According to Ryan Grimm at HuffPo, when on 2/9/09 Tim Geithner briefed congress on the Obama administration’s latest bailout plan, they laughed. The next day when Geithner announced the plan publicly, the markets took an immediate dive.

Pretty much, Obama’s plan is the same as Bush’s plan but with additional assurances of transparency. And, pretty much, Bush’s plan hasn’t worked. As Paul Krugman sarcastically remarked: "under Bush, financial policy consisted of Wall Street types cutting sweet deals, at taxpayer expense, for Wall Street types. Under Obama, it’s precisely the reverse."

Specifically, the Bush/Obama plan leaves the executives who ran the banks into insolvency in charge of them and gives them hundreds of billions of taxpayer money to continue their foolish games of absurd bonuses to themselves, unwarranted dividends to their stockholders, unwarranted loans, and no loans to the people and businesses who need and deserve them. And, that Bush/Obama policy is at best unusual.

Per University of Texas economics professor James K. Galbraith:

And the problem is that when you—the little bit of checking that has been done appears to reveal that a very large fraction of these securities contain, on the face of it, misrepresentation or fraud in the files. And so, we are looking at an asset which nobody, no outside investor doing due diligence on behalf of a client for whom they have some responsibility, would touch. And that is the issue.

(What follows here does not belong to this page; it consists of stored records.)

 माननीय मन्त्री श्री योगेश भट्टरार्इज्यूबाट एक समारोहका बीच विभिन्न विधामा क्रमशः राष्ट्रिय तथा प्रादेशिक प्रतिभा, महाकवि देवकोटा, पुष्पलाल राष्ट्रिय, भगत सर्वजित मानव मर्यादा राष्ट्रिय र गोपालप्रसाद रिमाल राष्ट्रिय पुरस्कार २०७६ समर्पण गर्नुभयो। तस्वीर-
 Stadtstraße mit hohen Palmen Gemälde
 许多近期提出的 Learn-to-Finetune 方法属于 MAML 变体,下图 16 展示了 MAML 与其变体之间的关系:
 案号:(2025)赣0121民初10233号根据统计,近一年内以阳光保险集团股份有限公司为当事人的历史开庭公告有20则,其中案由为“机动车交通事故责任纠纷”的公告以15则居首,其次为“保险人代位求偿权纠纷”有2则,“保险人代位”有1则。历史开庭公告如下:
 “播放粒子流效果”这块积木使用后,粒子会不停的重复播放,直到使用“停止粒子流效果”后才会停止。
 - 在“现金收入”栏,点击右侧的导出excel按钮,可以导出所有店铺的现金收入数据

That’s the problem.

If that is indeed the case, then I think it’s fair to conclude that the large banks, which the Treasury is trying very hard to protect, cannot in fact be protected, that they are in fact insolvent, and that the proper approach for dealing with them is for the Federal Deposit Insurance Corporation to move in and take the steps that the FDIC normally takes when dealing with insolvent banks.

And the sooner that you get to that and the sooner that you take these steps, which every administration, including the Bush administration, actually took in certain cases—replacing the management, making the risk capital take the first loss, reorganizing the institution, guaranteeing the deposits so that there isn’t a run, reopening the bank under new management so that it can begin to function again as it should have all along as a normal bank—the sooner you get to that, the more quickly you’ll work through the crisis.

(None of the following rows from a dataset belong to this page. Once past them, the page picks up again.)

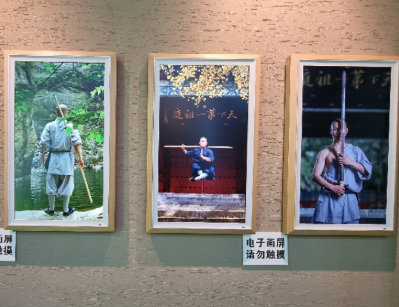방장실 옆 객당(客堂)에는 1965년생 석영신(释永信) 방장 스님이 소림사를 찾은 유명인사들과 만나는 모습을 비롯한 활동상을 담은 대형 사진들이 걸려 있고, 이곳에서 만들었다는 판매용 검도 몇 자루가 진열돼 있는데 예사롭지 않은 검기가 스려 있다. 입구 옆 출구 쪽으로 거슬러 나오며 국화차 등을 판매하는 소림 약국을 둘러보고 2시 20분경 경내를 빠져나왔다.
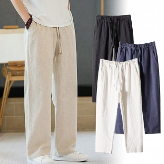 กางเกงลำลองผ้าลินินแบบเท่ๆสำหรับผู้ชายกางเกงมีสายคาดกางเกงน้ำแข็งฤดูร้อน
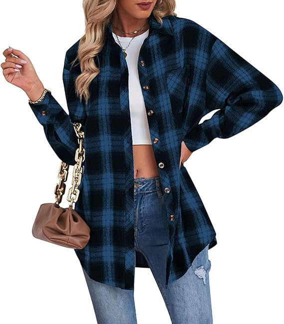 • Material: cămașă bifată pentru femei. Cămașa casual este confecționată din amestec de bumbac, super moale și cald, respirabil, material de înaltă calitate, țesătură moale și confortabilă, guler clasic de cămașă, model de verificare. Iubitul tăiat și stilul supradimensionat îl fac ușor de purtat.
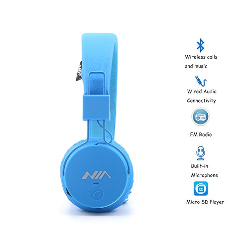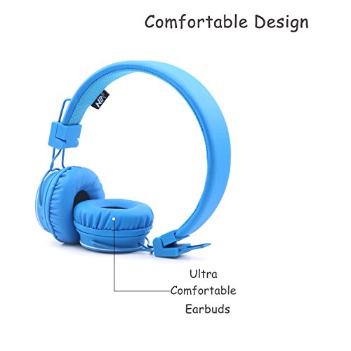 Bluetooth Over Ear Foldable Headphones, Built-in Microphone, Hi-Fi Stereo, Soft Earmuffs and Wired Mode for PC/ Cell Phones/ TV, AiTalk X2 Colorful Wireless Headsets-Blue

It was great political theater to watch Obama scold the bank executives for continuing to give themselves excessive bonuses, but what did he expect? Last fall, he supported a plan that took the unusual step of leaving those executives in place. If he expected "change," he should have legislated it. For him to now put forth a plan that caps executive compensation but leaves the rest of their bogus practices in place is silly.

And it’s not only Professor Galbraith who says so. Per conservative Harvard professor Niall Ferguson:

… banks that are de facto insolvent need to be restructured, not nationalized.(The last thing the U.S. needs is to have all of its banks run like Amtrak or, worse, the IRS.) Bank shareholders will have to face that they have lost their money. Too bad; they should have kept a more vigilant eye on the people running their banks. Government will take control in return for a substantial recapitalization, but only after losses have been meaningfully written down. Those who hold the banks’ debt, the bondholders, may have to accept a debt-for-equity swap or a 20% "haircut"

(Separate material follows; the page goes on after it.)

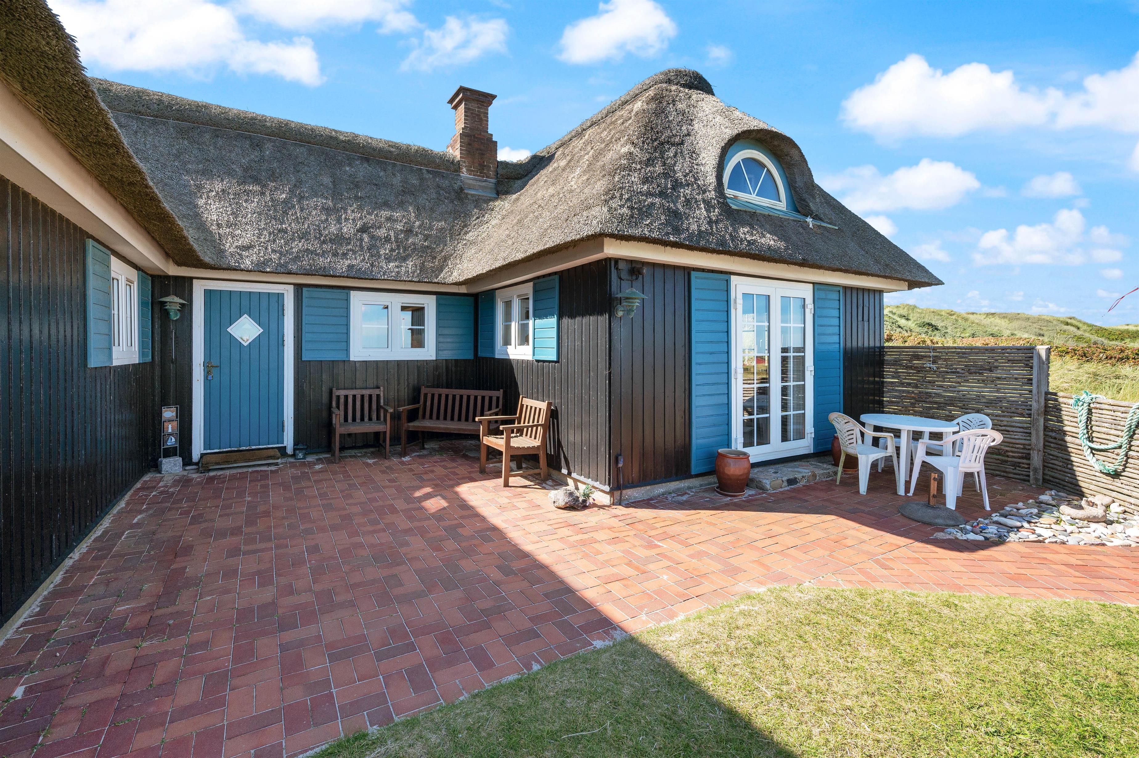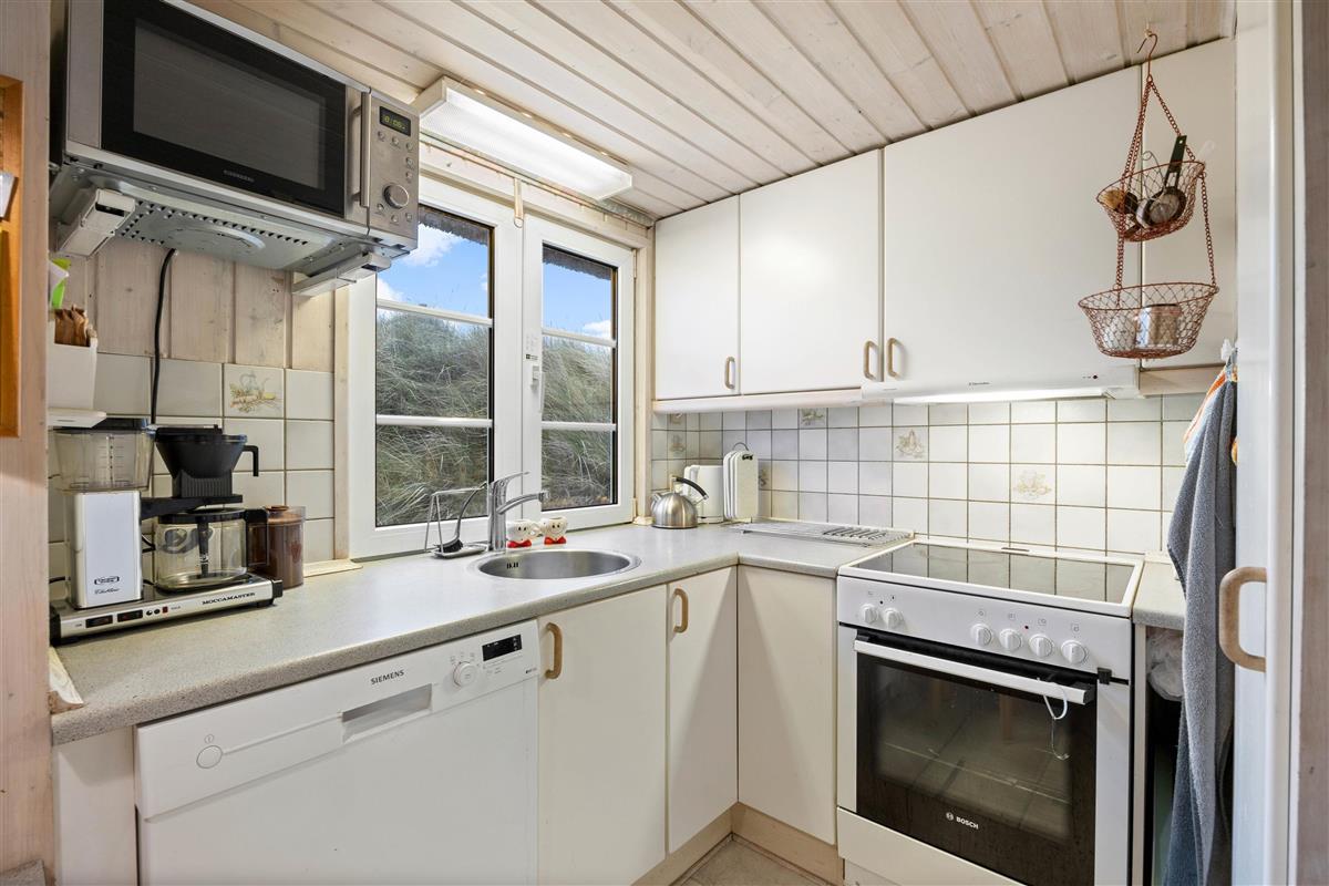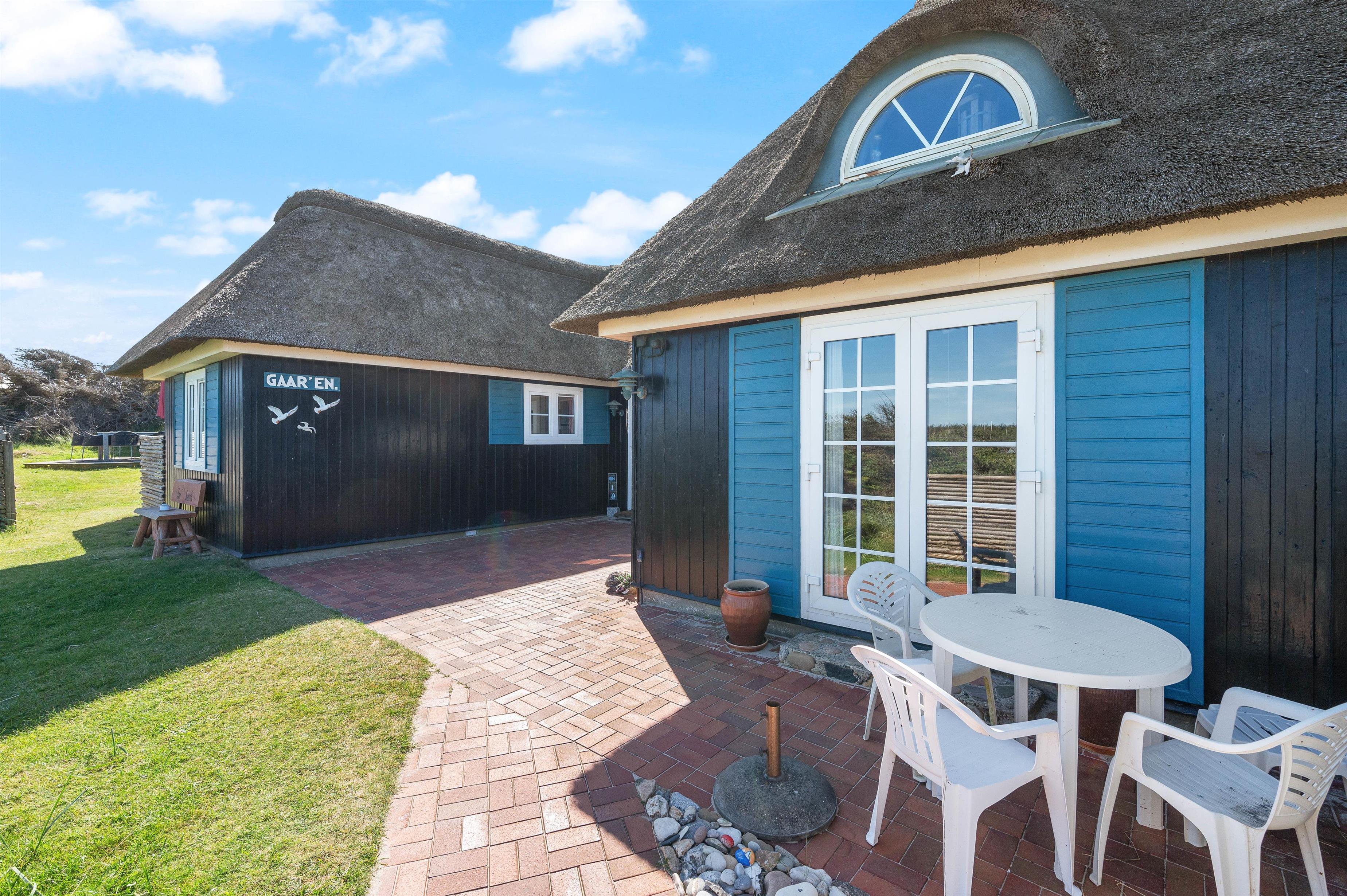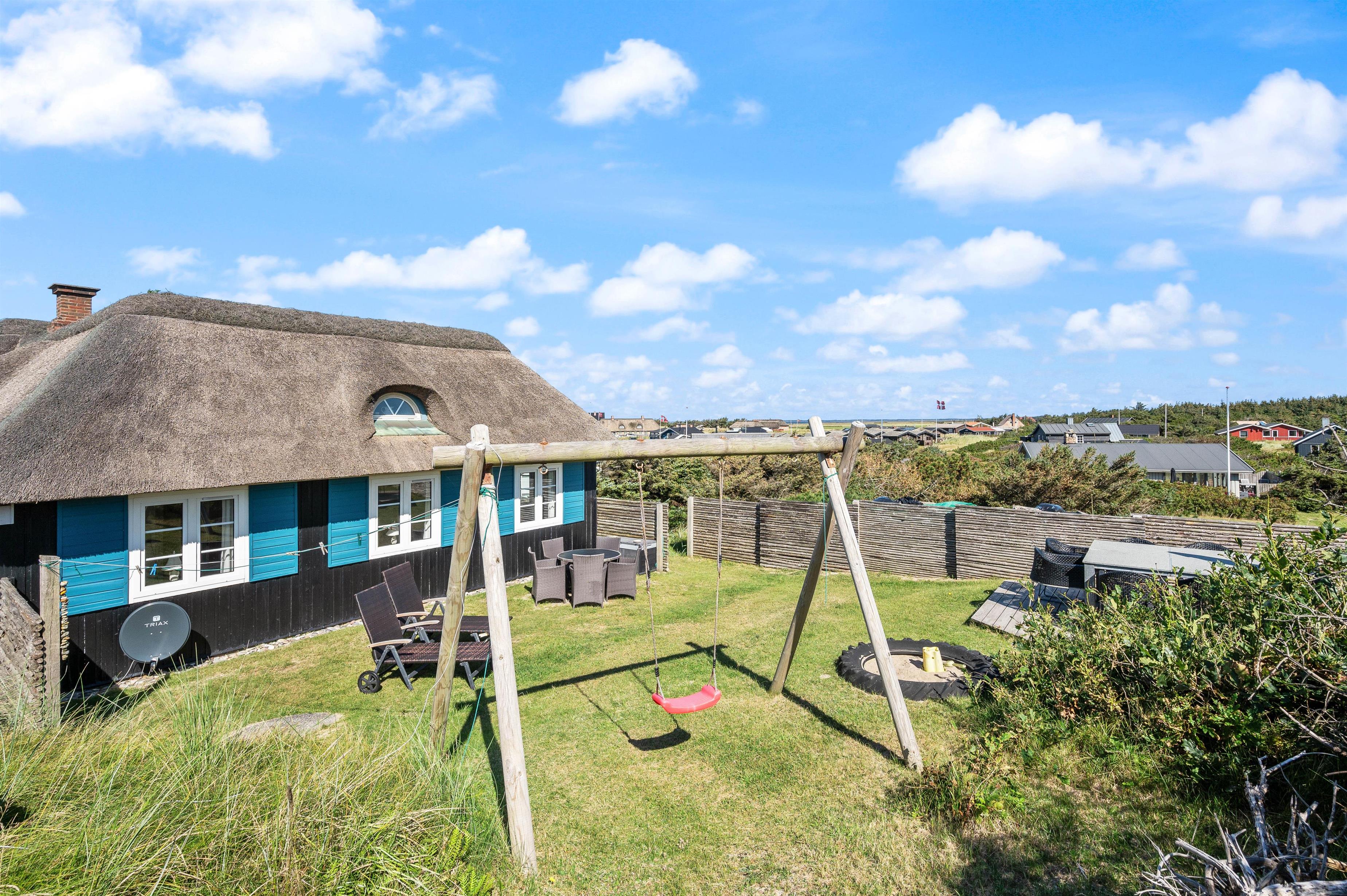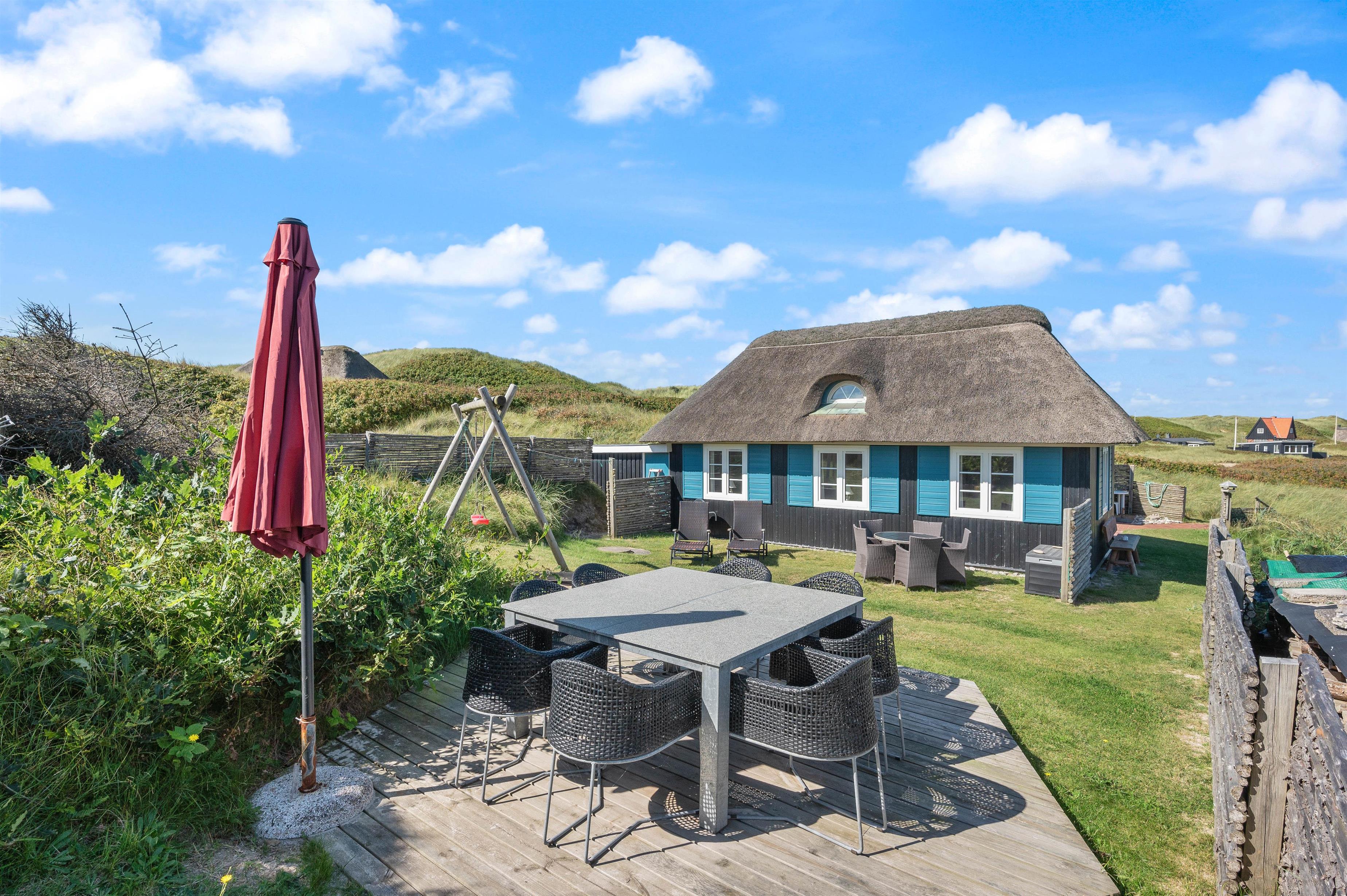 The holiday home at Bjerghuse 151 in Fjand sits on approximately 2,000 square metres of dune grounds, offering children plenty of space to play while you relax in the garden furniture on the terrace. In the evening, you can unwind on the terrace with a cold drink after an eventful day.

IMHO, the differences between "restructuring" and "nationalization" are not so critical, but the major economists who correctly predicted the meltdown, Krugman, Stiglitz, Roubini, Taleb, and Baker, have individually come out for some form of nationalization and their relevant comments are quoted in this Dkos diary by David Mizner.

Hopefully, Congress will take charge and force a plan that involves restructuring and/or nationalizing these insolvent zombie banks before our president can gift them more of the public’s money.

UPDATE: I just now noticed this excellent Oxdown diary by wesgpc from last evening on the same subject making a similar point.

UPDATE II: I’d also like to recomment "No Tough Love for Bankers" by Robert Scheer this morning in the Nation.